If an entry below holds a picture, skip the picture and copy everything else exactly.

SUPPLIED DATA section start

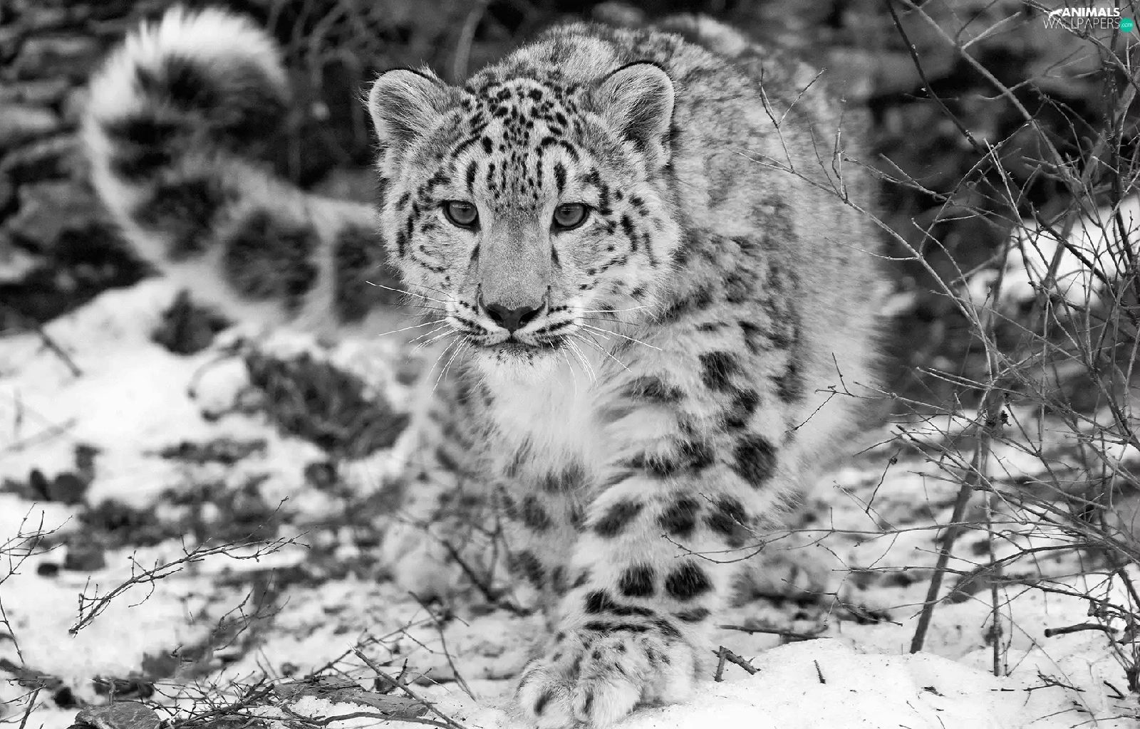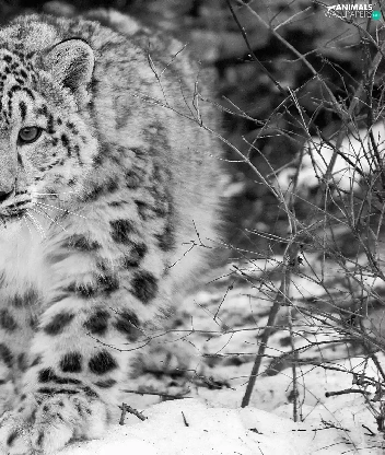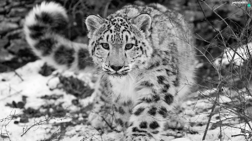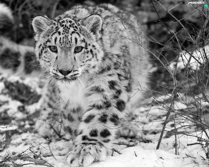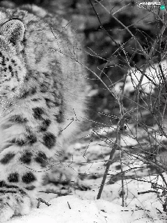 snow leopard, Black, White, winter
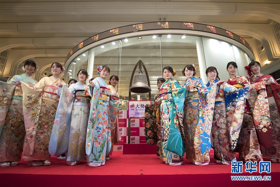 这是2019年1月4日,在日本东京,身着和服的女子在股市开市仪式上合影。当日,日本东京股市迎来新年第一个交易日。 新华社记者 杜潇逸 摄 |
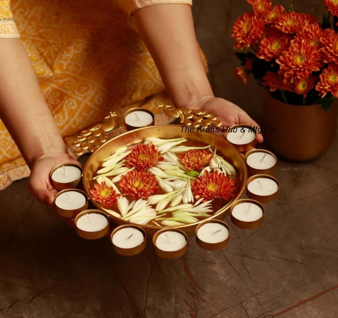 We bring this Beautiful Peacock design border Decorative Urli. Delicately handmade and skillfully hand-painted by craftspeople from the interiors of India. It serves as a great gift especially around religious celebrations and festivities. It is quite easy to carry and safe to use.(SIZE - 12 inch) Beautiful Handmade Metal Urli Easily recognizable by its distinctive shape the urli makes a handsome addition to the decor of any room and now you can enjoy the beauty of one that is made according to the time-honored traditions in your own home with the Handmade Urli along with hammered work on the bowl. This bowl for floating flowers or diyas is produced using sand casting techniques that have been passed down through generations of skilled metalworkers the Handmade Urli is a truly authentic Indian urli. To display the bowl in the traditional way fill it with water and then float living or artificial flowers on top. Add water to the urli mix a bit rose water and float flowers of your choice. You can also place floating candles on the surface of the water. No matter how you use the Handmade Urli you're certain to be impressed with its quality! Beautify your home with this traditional Indian decorative design. Add this Handmade Brass Urli with hammered work to your cart now!
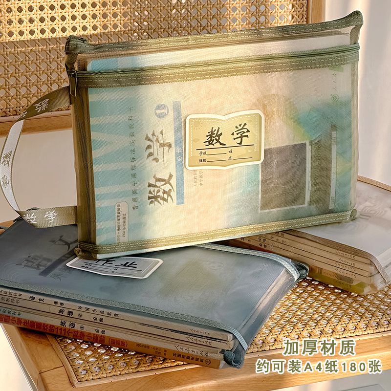 三年二班科目分类袋透明A4网纱文件袋拉链式大容量学生试卷收纳袋
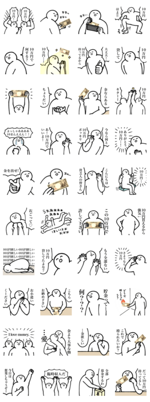 10万円欲しい人とかもらった人のスタンプです。会話めんどくさい時にも。お金は大事に使おう!/セレブ/十万円/流行語/きもい/キモい/変なスタンプ/おかね/ネタ系/oroninetoroninet より発売
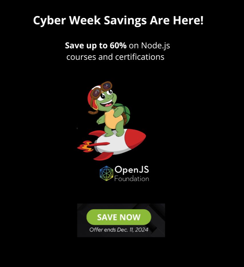 A couple more days to save on Node.js training and certification 🚀🐢
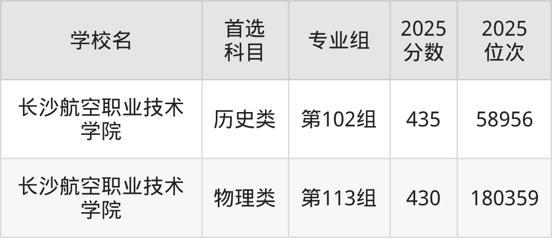 长沙航空职业技术学院第113组:430分、180359名;
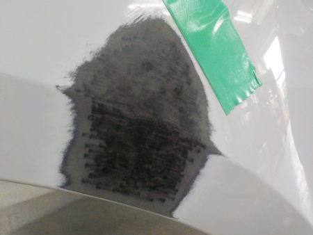 ただ正直損傷部しだいではレーダーに影響が出ない可能性もありますしこのあたりはケースバイケースかとは思いますので今回はユーザー様に修理をした場合の今後のデメリットをご説明しご承認いただきました上でバンパー修正で作業を進めさせて頂きます、
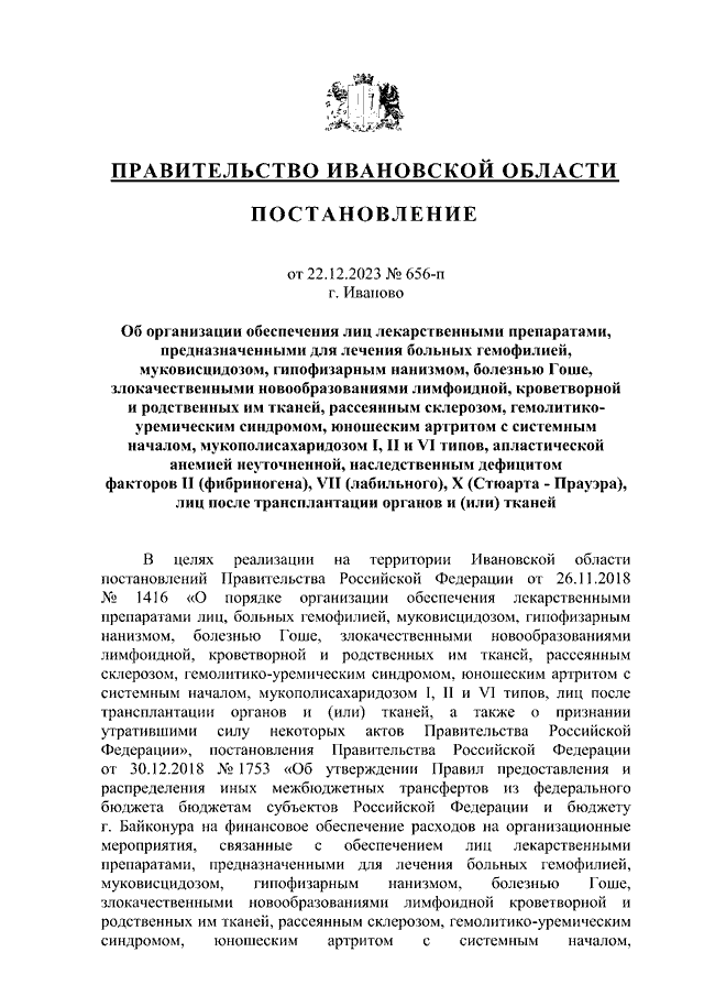 Постановление Правительства Ивановской области от 22.12.2023 N 656-п "Об организации обеспечения лиц лекарственными препаратами, предназначенными для лечения больных гемофилией, муковисцидозом, гипофизарным нанизмом, болезнью Гоше, злокачественными новообразованиями лимфоидной, кроветворной и родственных им тканей, рассеянным склерозом, гемолитико-уремическим синдромом, юношеским артритом с системным началом, мукополисахаридозом I, II и VI типов, апластической анемией неуточненной, наследственным дефицитом факторов II (фибриногена), VII (лабильного), X (Стюарта - Прауэра), лиц после трансплантации органов и (или) тканей"

SUPPLIED DATA section end

- [WRITTEN ANSWER]:
 snow leopard, Black, White, winter
 这是2019年1月4日,在日本东京,身着和服的女子在股市开市仪式上合影。当日,日本东京股市迎来新年第一个交易日。 新华社记者 杜潇逸 摄 |
 We bring this Beautiful Peacock design border Decorative Urli. Delicately handmade and skillfully hand-painted by craftspeople from the interiors of India. It serves as a great gift especially around religious celebrations and festivities. It is quite easy to carry and safe to use.(SIZE - 12 inch) Beautiful Handmade Metal Urli Easily recognizable by its distinctive shape the urli makes a handsome addition to the decor of any room and now you can enjoy the beauty of one that is made according to the time-honored traditions in your own home with the Handmade Urli along with hammered work on the bowl. This bowl for floating flowers or diyas is produced using sand casting techniques that have been passed down through generations of skilled metalworkers the Handmade Urli is a truly authentic Indian urli. To display the bowl in the traditional way fill it with water and then float living or artificial flowers on top. Add water to the urli mix a bit rose water and float flowers of your choice. You can also place floating candles on the surface of the water. No matter how you use the Handmade Urli you're certain to be impressed with its quality! Beautify your home with this traditional Indian decorative design. Add this Handmade Brass Urli with hammered work to your cart now!
 三年二班科目分类袋透明A4网纱文件袋拉链式大容量学生试卷收纳袋
 10万円欲しい人とかもらった人のスタンプです。会話めんどくさい時にも。お金は大事に使おう!/セレブ/十万円/流行語/きもい/キモい/変なスタンプ/おかね/ネタ系/oroninetoroninet より発売
 A couple more days to save on Node.js training and certification 🚀🐢
 长沙航空职业技术学院第113组:430分、180359名;
 ただ正直損傷部しだいではレーダーに影響が出ない可能性もありますしこのあたりはケースバイケースかとは思いますので今回はユーザー様に修理をした場合の今後のデメリットをご説明しご承認いただきました上でバンパー修正で作業を進めさせて頂きます、
 Постановление Правительства Ивановской области от 22.12.2023 N 656-п "Об организации обеспечения лиц лекарственными препаратами, предназначенными для лечения больных гемофилией, муковисцидозом, гипофизарным нанизмом, болезнью Гоше, злокачественными новообразованиями лимфоидной, кроветворной и родственных им тканей, рассеянным склерозом, гемолитико-уремическим синдромом, юношеским артритом с системным началом, мукополисахаридозом I, II и VI типов, апластической анемией неуточненной, наследственным дефицитом факторов II (фибриногена), VII (лабильного), X (Стюарта - Прауэра), лиц после трансплантации органов и (или) тканей"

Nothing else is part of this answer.